Last month I posted on another blog about a very important topic. Today, I'd like to revive that post here.

I’d like to chat a bit about love. Love of a book, to be precise. We all can name at least one book we absolutely love, right? We’re all book lovers here, so I imagine that for most of you, favorite isn’t a title it’s a category. I have so many favorite books I couldn’t begin to name them all. I’m betting most of you are the same.

So let me ask, when you love a book so much that you can’t stop thinking about it and you have book hangover for days, what do you do about it? Do you tell everyone you know? Again, I bet a lot of you do. Some of you might even tweet the author or write him an email or like her Facebook page. But how many of you write a review? I’m not just talking about clicking 5 stars on Amazon or Goodreads. I mean write a review with words and descriptions about exactly what you liked about the book.

I’m guessing most of you do not.

Until I started writing seriously, I never wrote reviews. It never occurred to me because who would even care about what I had to say?

Here’s the thing I didn’t know until recently when my writer friends started getting books published. I’m going to bold this because it’s the whole point of my post. Writing a review is the number one best way to tell an author you loved their book.

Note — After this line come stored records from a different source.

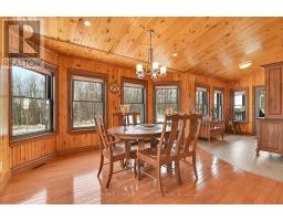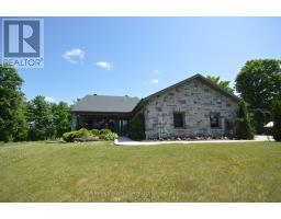 Custom brick bungalow built in 2016 situated on over 31 acres, with a double car attached garage. Open concept living, kitchen, with island, dining room and living room with propane fireplace. Main floor also includes 2 bedrooms, primary bedroom includes a 3 piece en suite, a sperate office, 4 piece bathroom and large laundry room. Partially finished lower level has a rec room, 3 piece bath and walk out entrance. There are plenty of windows throughout, a wrap around deck and a fully insulated separate shop. Maintenance free home, just move in and enjoy. Please allow 24 hours irrevocable on all offers. (id:61594)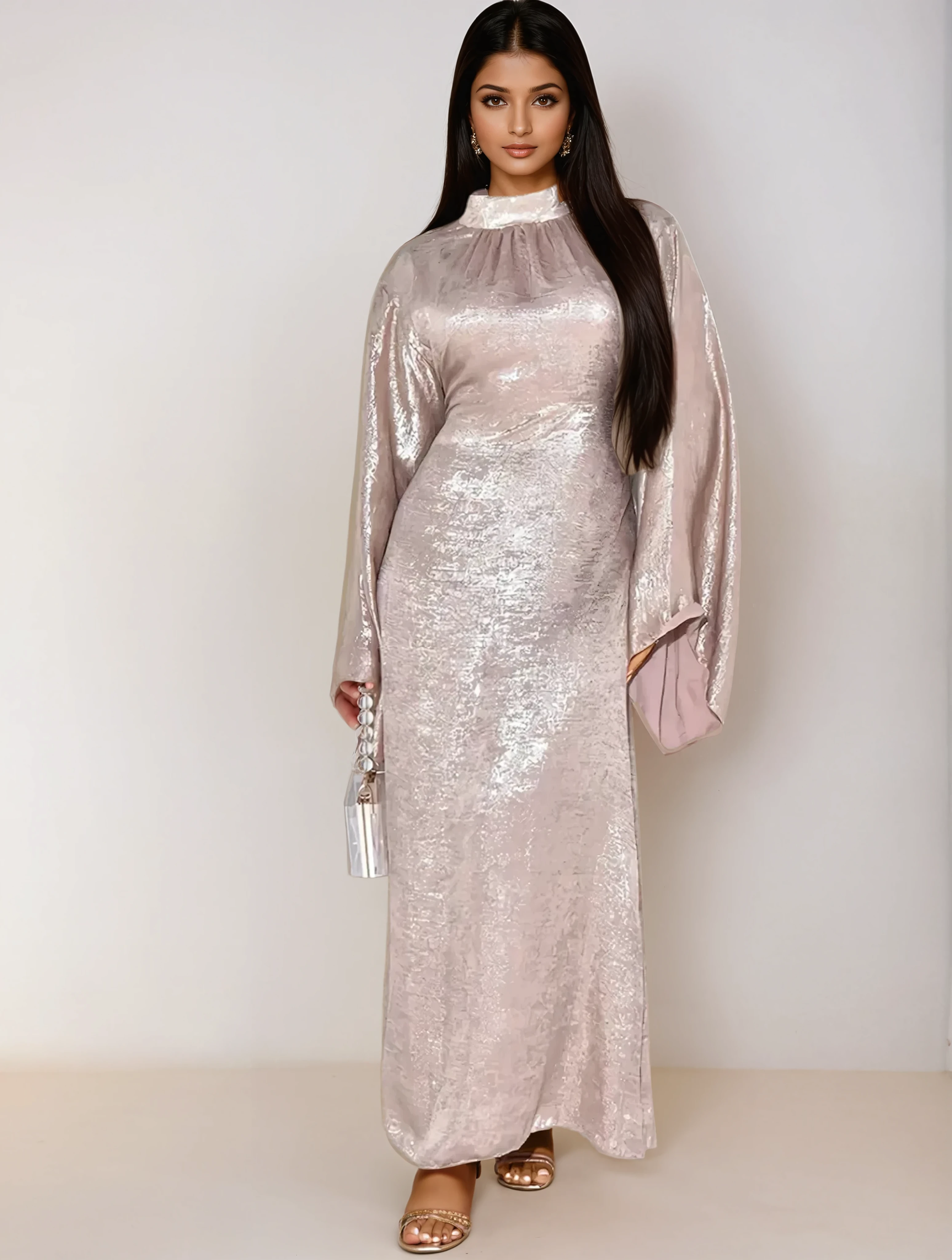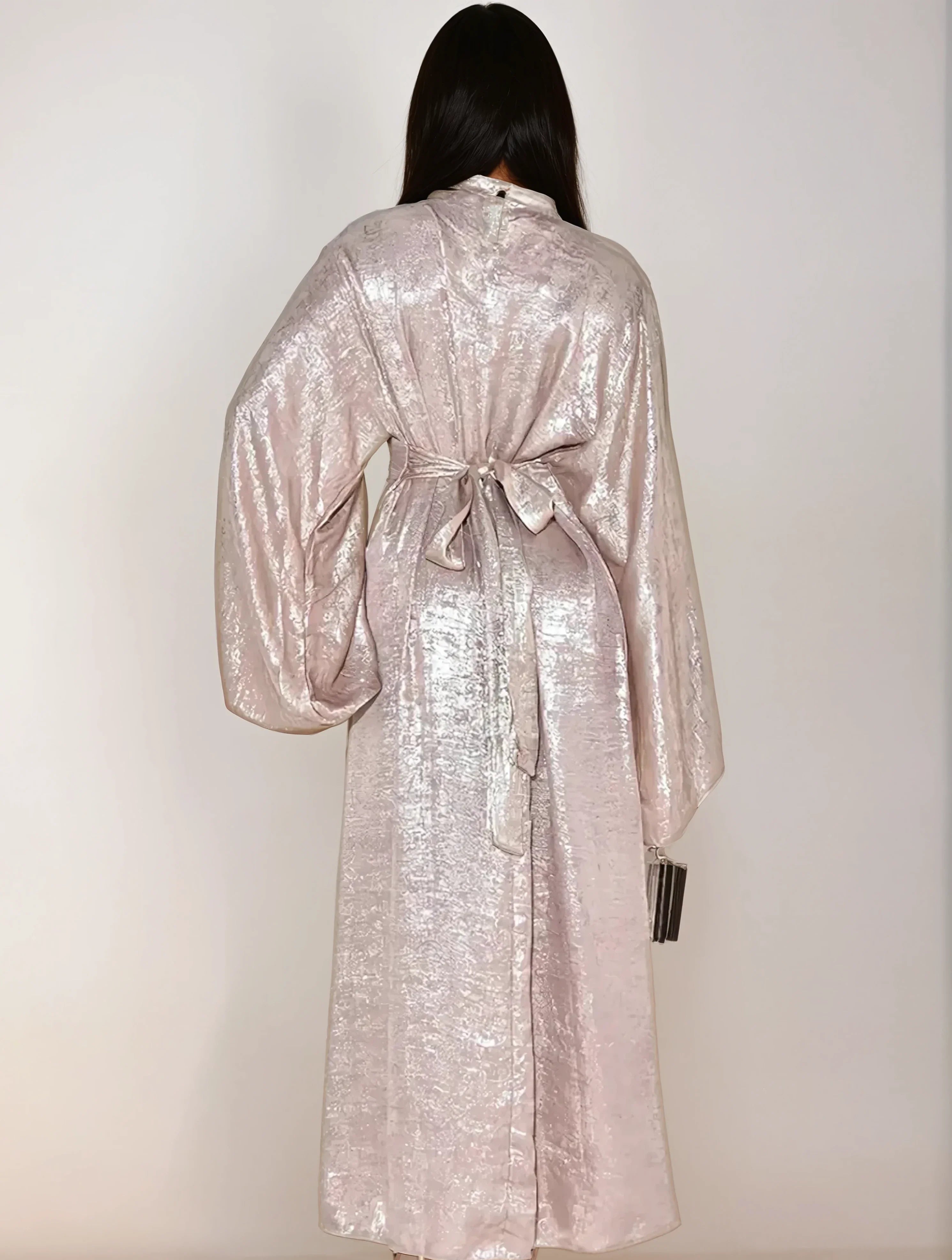 Αυτή η ρόμπα αμπαγιά προσφέρει μια ρέουσα και εκλεπτυσμένη σιλουέτα. Το ελαφρύ και αδιαφανές ύφασμά της εξασφαλίζει μέγιστη άνεση. Ιδανική για όλες τις περιστάσεις, συνδυάζει τη μετριοφροσύνη με το στυλ.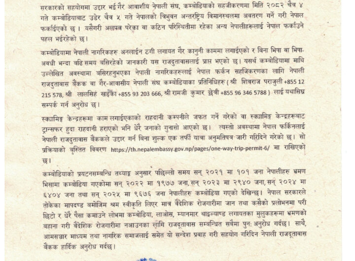 काठमांडू, 19 मार्च। कंबोडिया में विभिन्न कारणों से फंसे 20 नेपाली नागरिकों का सफलतापूर्वक निकाल लिया गया...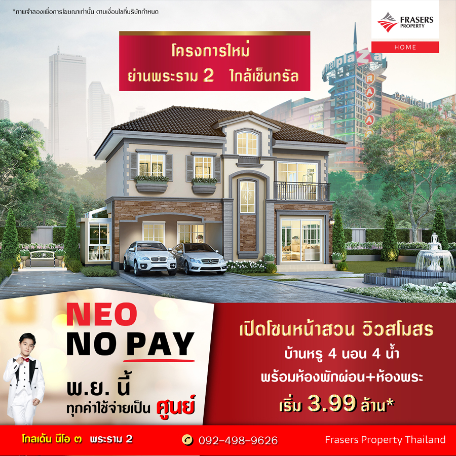 Promotion : NEO NO PAY 1-30 พ.ย. นี้ ทุกค่าใช้จ่ายเป็น ศูนย์ โครงการใหม่ ย่านพระรามสอง เปิดโซนหน้าสวน วิวสโมสร บ้านหรู หลังใหญ่ สไตล์อิตาลีฟังก์ชั่นครบ 4 ห้องนอน 4 ห้องน้ำ พร้อมห้องพักผ่อน + ห้องพระ ทำเลสุดฮอต ติดถนนใหญ่ ใกล้เซ็นทรัล+ทางด่วน เริ่มเพียง 3.99 ลบ.*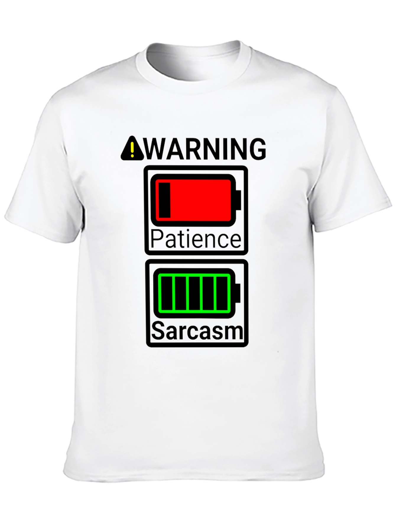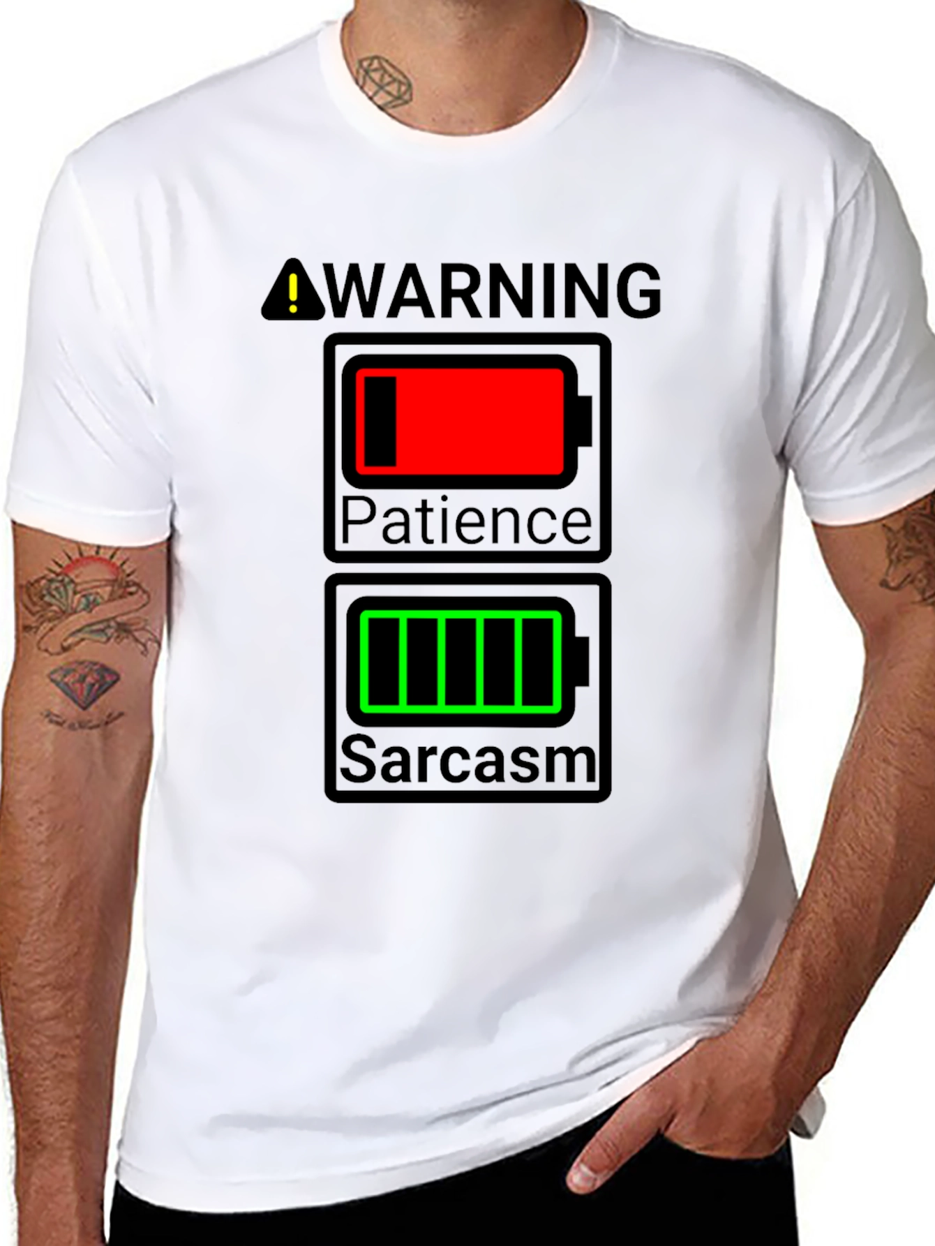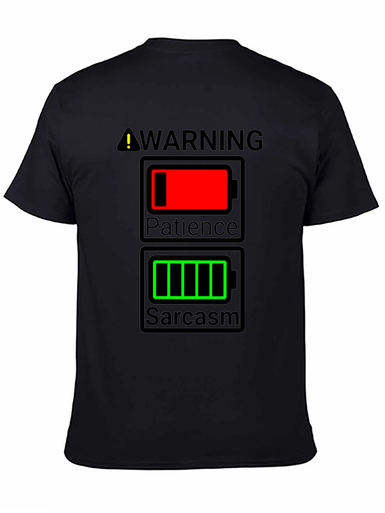 Esta camiseta negra para hombre presenta un diseño divertido y llamativo, ideal para aquellos con un sentido del humor agudo. El estampado muestra una alerta de advertencia sobre los niveles de paciencia y sarcasmo. La batería de "Patience" está casi agotada, representada en rojo, mientras que la batería de "Sarcasm" está completamente llena y en verde. Fabricada con un tejido suave y cómodo, esta camiseta de manga corta es perfecta para el uso diario, ya sea para salir con amigos, relajarse en casa o hacer una declaración humorística. Su diseño original y divertido seguramente llamará la atención y provocará conversaciones. ¡Ideal para regalar a ese amigo o familiar sarcástico!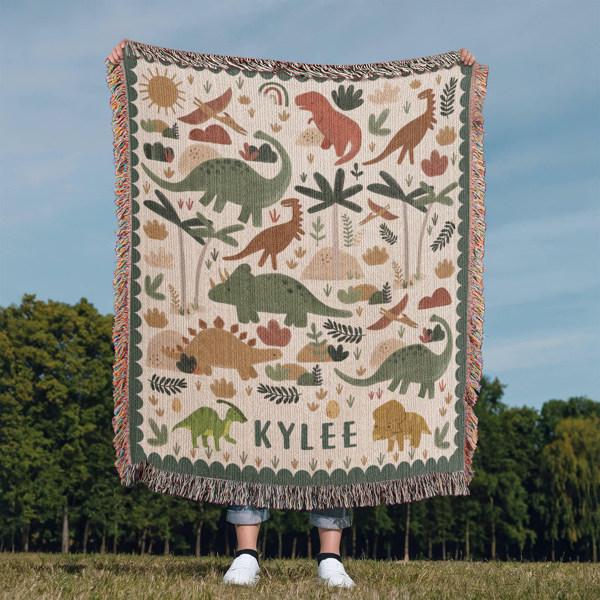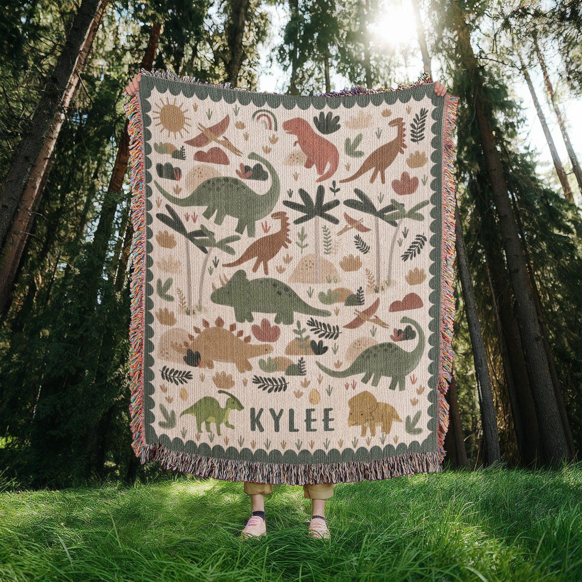 Personalized Dinosaur Blanket: Custom Name Kids Throw, Gifts for Him or Her, Baby Shower Gift for New Parents

It’s not because writers are dying for validation and happy words written about them (though we do love that too). It’s because sites like Amazon and Barnes and Noble and Goodreads place books with more reviews more prominently on their website. In other words, a book with lots of reviews will be seen more (and probably purchased more) than a book with no reviews. For writers with a huge following, your little review might not make a bit of difference. But for newbies such as myself and even your average run of the mill authors who have been around awhile, your review can absolutely change how successful a book is. Even a three sentence review counts.

Maybe it seems crappy and greedy to talk about helping an author get sales, but the truth is, most authors do not make enough money to make a living at it. It’s a second job. For me, it’s a third job. For people like me, every sale counts. And the more reviews writers like me get, the more likely I’ll get seen. The more likely I’ll get a sale and I’ll get to keep writing for people like you.

For those of you who write reviews on a regular basis, THANK YOU! Thank you to all you bloggers who write reviews all the time. Thank you for making it possible for writers to continue giving you the words you love.

And for those of you who’ve never written a review, we authors love you too. For buying our books and telling your friends. But we’d also like to ask, if you really loved a book, please consider taking a moment to tell us by writing a review.